Top of Records supplied
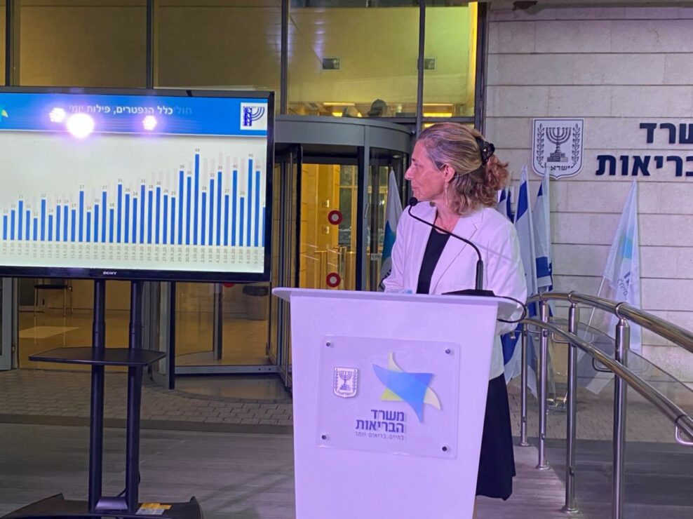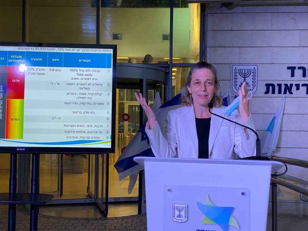 ראש שירותי בריאות הציבור במשרד הבריאות, ד״ר שרון אלרעי-פרייס, הציגה במהלך התדרוך לעיתונאים, את המלצת משרד הבריאות לשלבי היציאה מהסגר:
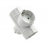 Aντάπτορας ρεύματος με τρία σούκο θηλυκά σε τάφ, 250V 16A, λευκός, ο οποίος κάθεται στην πρίζα σε κάθετη θέση.
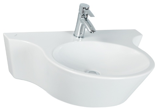Она предусматривает подвесную установку. Такие раковины позволят решить проблему выглядывающих частей сантехнических коммуникаций, скрыть все некрасивые трубы, которые нагружают гармоничность интерьера. Раковина изготовлена из высококачественного фаянса.
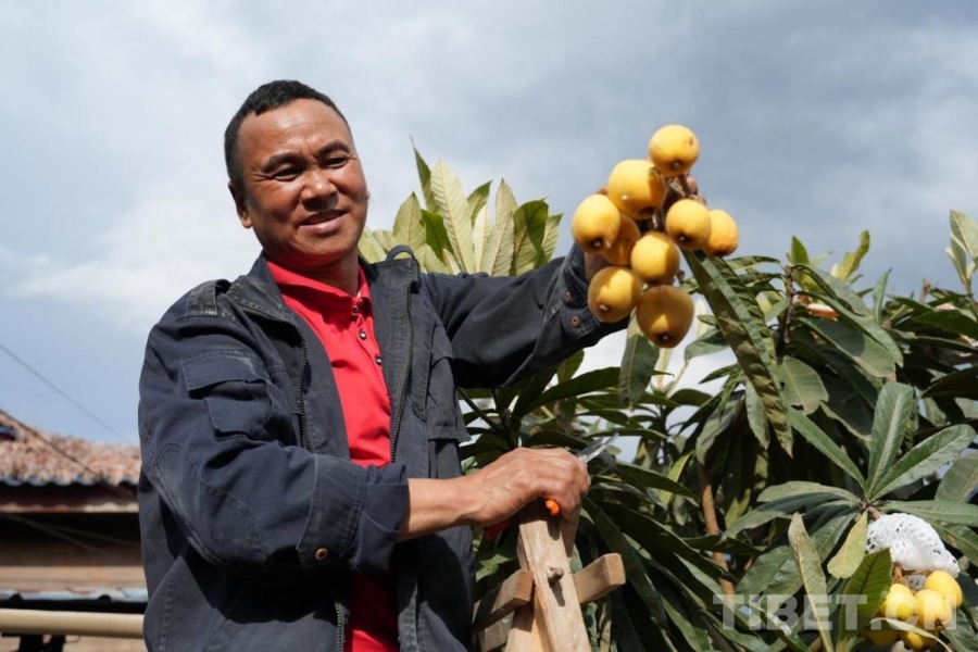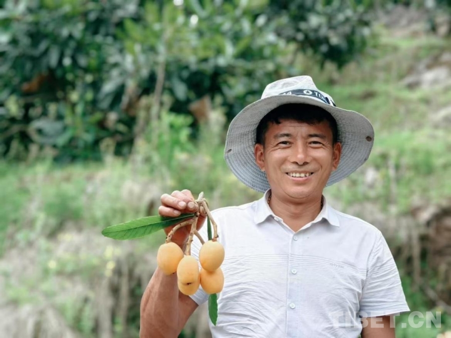圖為西藏林芝市墨脫縣德興村村民旺扎展示今年剛摘下的枇杷(2025年4月攝) 供圖:墨脫縣農業(yè)農村局
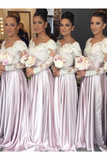 Beautiful A-Line Long Sleeves Pink Bridesmaid Dress with Lace PFB0042
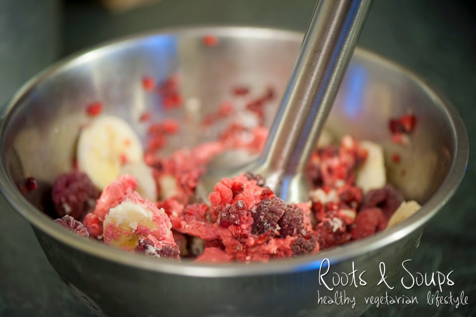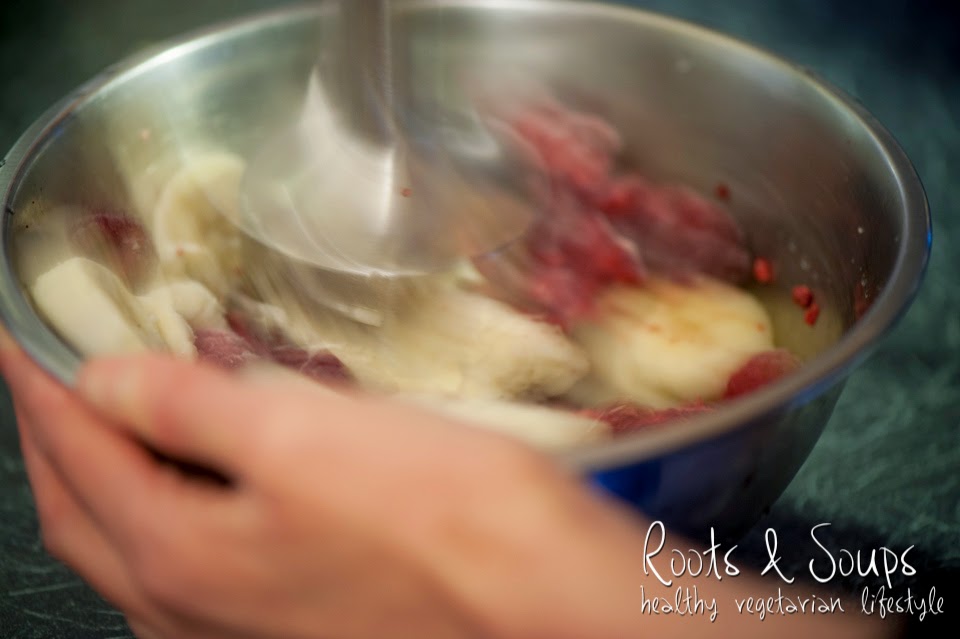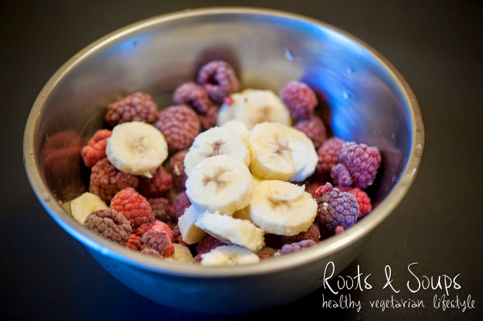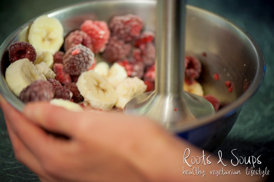 Banany pokroić na grube plastry, wstawić do zamrażarki na godzinę. Kiedy będą zmrożone zblendować razem z mrożonymi malinami i masłem orzechowym. Można też użyć malaksera.
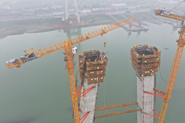3月3日,由中交二航局投资建设的重庆白居寺长江大桥进行了复工后首次主塔混凝土浇筑施工,标志着大桥全面复产。
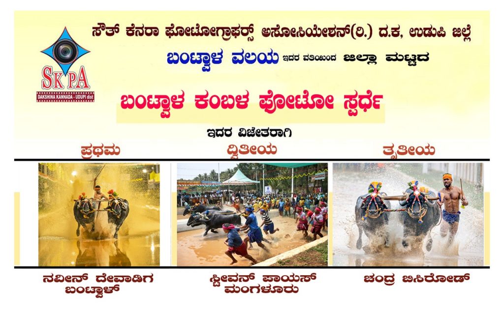 ಬಂಟ್ವಾಳ: ಸೌತ್ ಕೆನರಾ ಫೋಟೋ ಗ್ರಾಫರ್ಸ್ ಅಸೋಸಿಯೇಷನ್ ಬಂಟ್ವಾಳ ವತಿಯಿಂದ ಮುಡೂರು ಪಡೂರ್ ಕಂಬಳ ದ ಬಂಟ್ವಾಳ ಕಂಬಳ ಶೀರ್ಷಿಕೆಯಲ್ಲಿ ಜಿಲ್ಲಾ ಮಟ್ಟದ ಫೋಟೋ ಸ್ಪರ್ಧೆಯನ್ನು ಆಯೋಜಿಸಲಾಯಿತು,
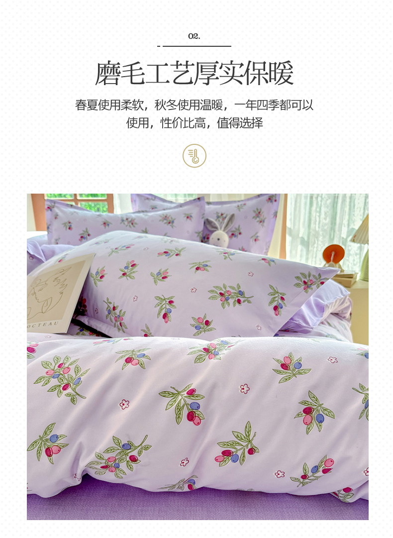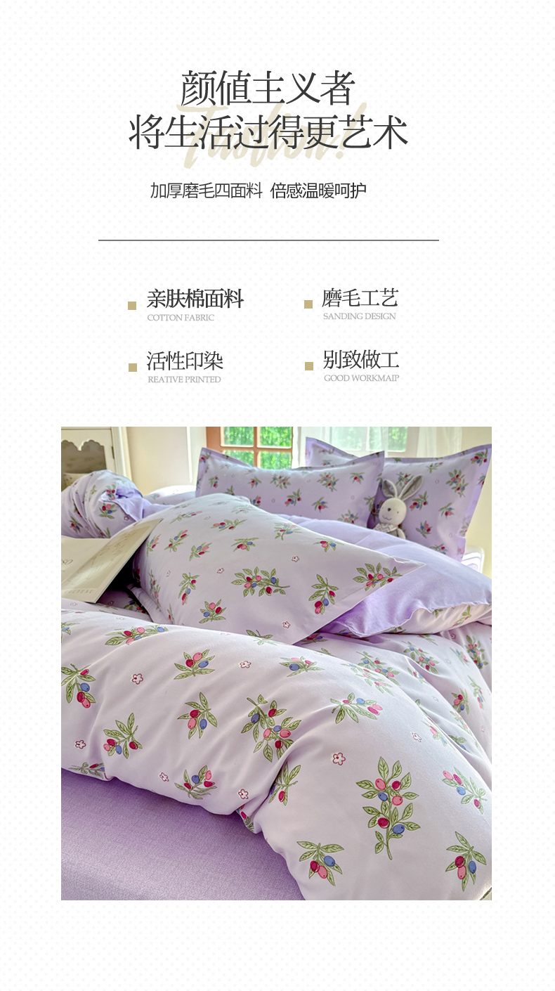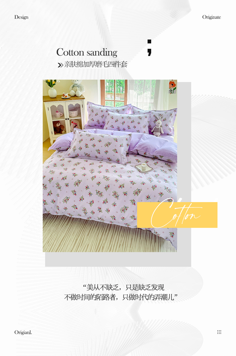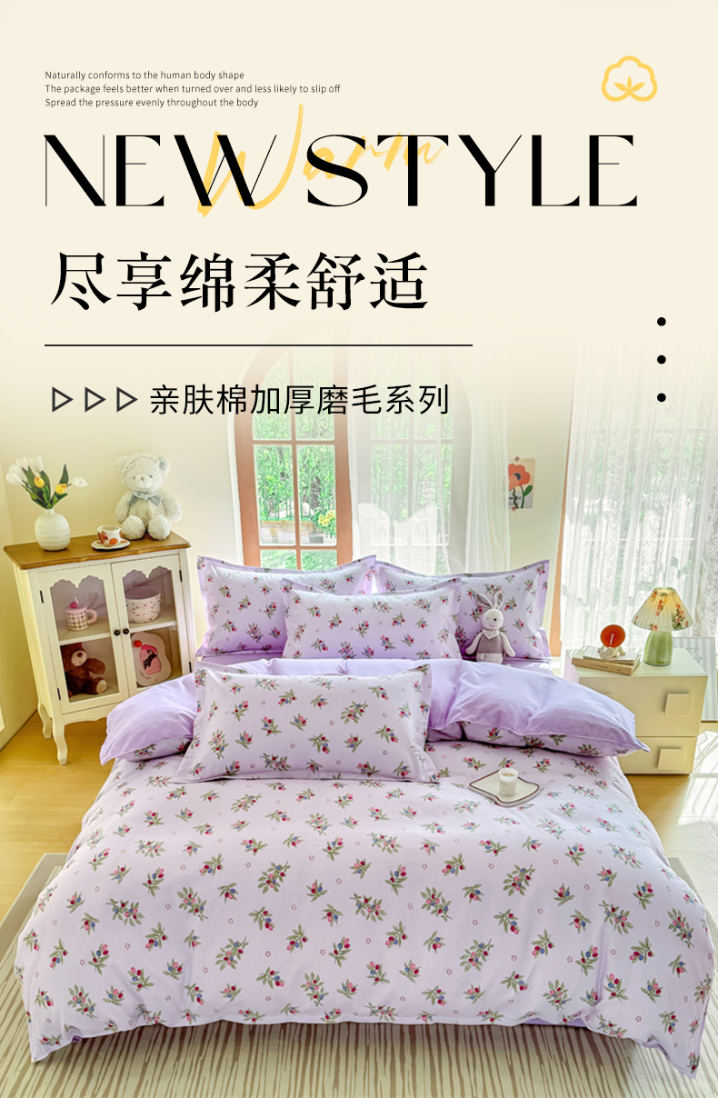 当前位置: 91家纺网 > 商品网购 > 床品套件 > 四件套 > 普通磨毛四件套 > 正莱欣 2025新品加厚生态棉磨毛四件套高克重植物羊绒床单款床笠款四件套大量现货 花舞芳菲
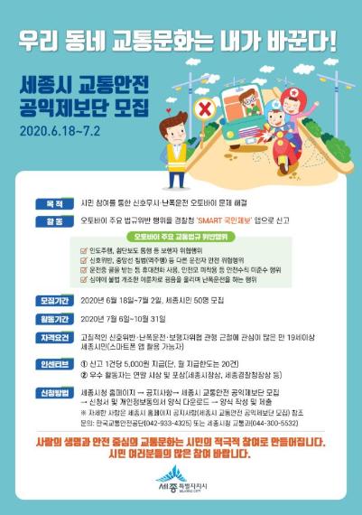 세종특별자치시(시장 이춘희)가 관내 신호무시·인도주행 등 불법운전 오토바이를 감시하는 ‘세종시 교통안전 공익제보단’을 모집한다.
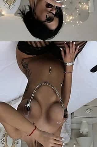 Wet tattooed raven babe Sahron with big boobs masturbates
Bottom of Records supplied
Could you output every entry exactly as written, skipping the pictures?

 ראש שירותי בריאות הציבור במשרד הבריאות, ד״ר שרון אלרעי-פרייס, הציגה במהלך התדרוך לעיתונאים, את המלצת משרד הבריאות לשלבי היציאה מהסגר:
 Aντάπτορας ρεύματος με τρία σούκο θηλυκά σε τάφ, 250V 16A, λευκός, ο οποίος κάθεται στην πρίζα σε κάθετη θέση.
Она предусматривает подвесную установку. Такие раковины позволят решить проблему выглядывающих частей сантехнических коммуникаций, скрыть все некрасивые трубы, которые нагружают гармоничность интерьера. Раковина изготовлена из высококачественного фаянса.
圖為西藏林芝市墨脫縣德興村村民旺扎展示今年剛摘下的枇杷(2025年4月攝) 供圖:墨脫縣農業(yè)農村局
 Beautiful A-Line Long Sleeves Pink Bridesmaid Dress with Lace PFB0042
 Banany pokroić na grube plastry, wstawić do zamrażarki na godzinę. Kiedy będą zmrożone zblendować razem z mrożonymi malinami i masłem orzechowym. Można też użyć malaksera.
3月3日,由中交二航局投资建设的重庆白居寺长江大桥进行了复工后首次主塔混凝土浇筑施工,标志着大桥全面复产。
 ಬಂಟ್ವಾಳ: ಸೌತ್ ಕೆನರಾ ಫೋಟೋ ಗ್ರಾಫರ್ಸ್ ಅಸೋಸಿಯೇಷನ್ ಬಂಟ್ವಾಳ ವತಿಯಿಂದ ಮುಡೂರು ಪಡೂರ್ ಕಂಬಳ ದ ಬಂಟ್ವಾಳ ಕಂಬಳ ಶೀರ್ಷಿಕೆಯಲ್ಲಿ ಜಿಲ್ಲಾ ಮಟ್ಟದ ಫೋಟೋ ಸ್ಪರ್ಧೆಯನ್ನು ಆಯೋಜಿಸಲಾಯಿತು,
 当前位置: 91家纺网 > 商品网购 > 床品套件 > 四件套 > 普通磨毛四件套 > 正莱欣 2025新品加厚生态棉磨毛四件套高克重植物羊绒床单款床笠款四件套大量现货 花舞芳菲
 세종특별자치시(시장 이춘희)가 관내 신호무시·인도주행 등 불법운전 오토바이를 감시하는 ‘세종시 교통안전 공익제보단’을 모집한다.
 Wet tattooed raven babe Sahron with big boobs masturbates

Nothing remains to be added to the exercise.